The next step is part of speech tagging: taking sentences and annotate it's parts with their function - are they verbs, nouns, adjectives, names etc. This step would normally be done before the collocation detection because it can enhance the process by allowing to filter combinations of speech parts. Unfortunately the dataset we're examining does not particularly lend itself to POS tagging because only very few fields hold complete sentences. Most encountered pieces of text are partial sentences at best.
The reason we still perform this step is because it is part of entity recognition. Any names that were tagged are potential entities that can possibly be categorized. The results are still shaky and should be supported by an entity database in the future.
In order to get a bearing of our data without tainting it with any preconceptions or knowledge about the shape of the individual study files we simply count the frequencies of the terms contained in a document.
To do that we take only the words and abbreviations found after tokenizing our textual data and count their frequency across the whole document they appear in as well as the sections they appear in.
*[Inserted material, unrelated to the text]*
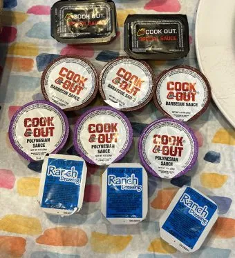 | Chicken Nuggets (5) – Cook Out Sauce, BBQ, Honey Mustard, Polynesian, Ranch, Buffalo | 240 calories | 1.99 |
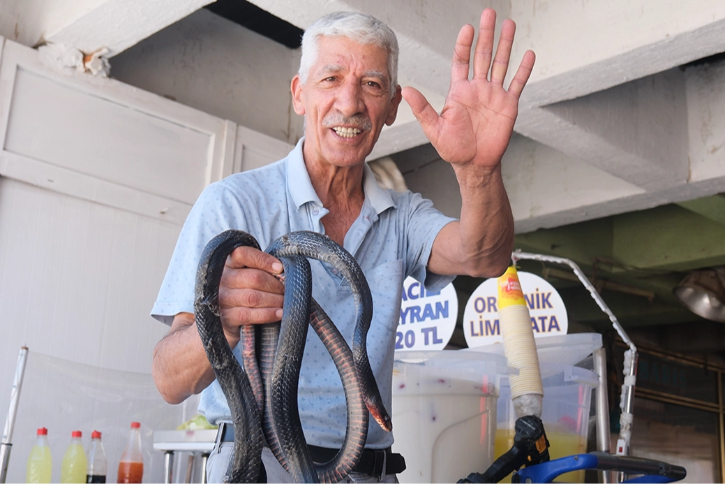Adana Otogarı’nda uzun yıllardır çiğköfte satarak geçimini sağlayan Osman Aslan’ın (62) yılan sevgisi görenleri hayrete düşürüyor. Halk arasında ’zehirsiz kara yılan’ olarak bilinen yılanları besleyen ve defalarca yılanlar tarafından ısırılan Aslan, halen yılanları bir an olsun bırakmıyor ve onları elleriyle süt içirerek besliyor. Ayrıca Osman Aslan, Adana Otogarı’nda yılanlarla şov yapıyor.

We chose Elasticsearch as our data storage and analysis solution. In order to facilitate efficient queries we opted for a parent - child relationship within our index structure. We indexed our raw documents as parents and the individual terms we extracted as children. Specifically we indexed the terms and collocations multiple times - once for with their count across the whole document and once per section they appear in and the number of times it appear within that section.
The rationale behind this structure is to allow queries that need the whole document e.g. finding all documents containing a set of terms and then be able to aggregate word frequencies with the associated child documents. Another benefit is the ability to associate results of future analysis with the same parent documents and hence incrementally enhance our query capabilities.
To deliver our results to any front ends we wrote an API server in Node.js. It offers a RESTful interface to the back end services. Since we rely on a highly granular micro service architecture to deliver our results, the API's endpoints are freely configurable at startup. This offers a great amount of flexibility when it comes to deployment schemes especially in the cloud.
The modular approach allows a high degree of independence between the individual modules. This allows easy introduction of new services and the ability to change almost anything within a module without impacting the rest of the architecture.
The last piece of our stack is our front end. So far this entails visualizations on this website.
For starters we opted for D3js for our data visualization tasks. It's a very powerful and flexible framework that delivers stunning visualizations.
Creating a full stack of data processing goodness needs a lot of expertise in different areas in order to provide the desired results. Aiming for the full stack early on instead of perfecting a single stage gives you the flexibility to react to any obstacles or inspirations you may encounter during development and allows you to see any changes you make reflected in the final result. It's an ongoing evolution instead of a grind towards a distant goal - the very embodiment of agile development.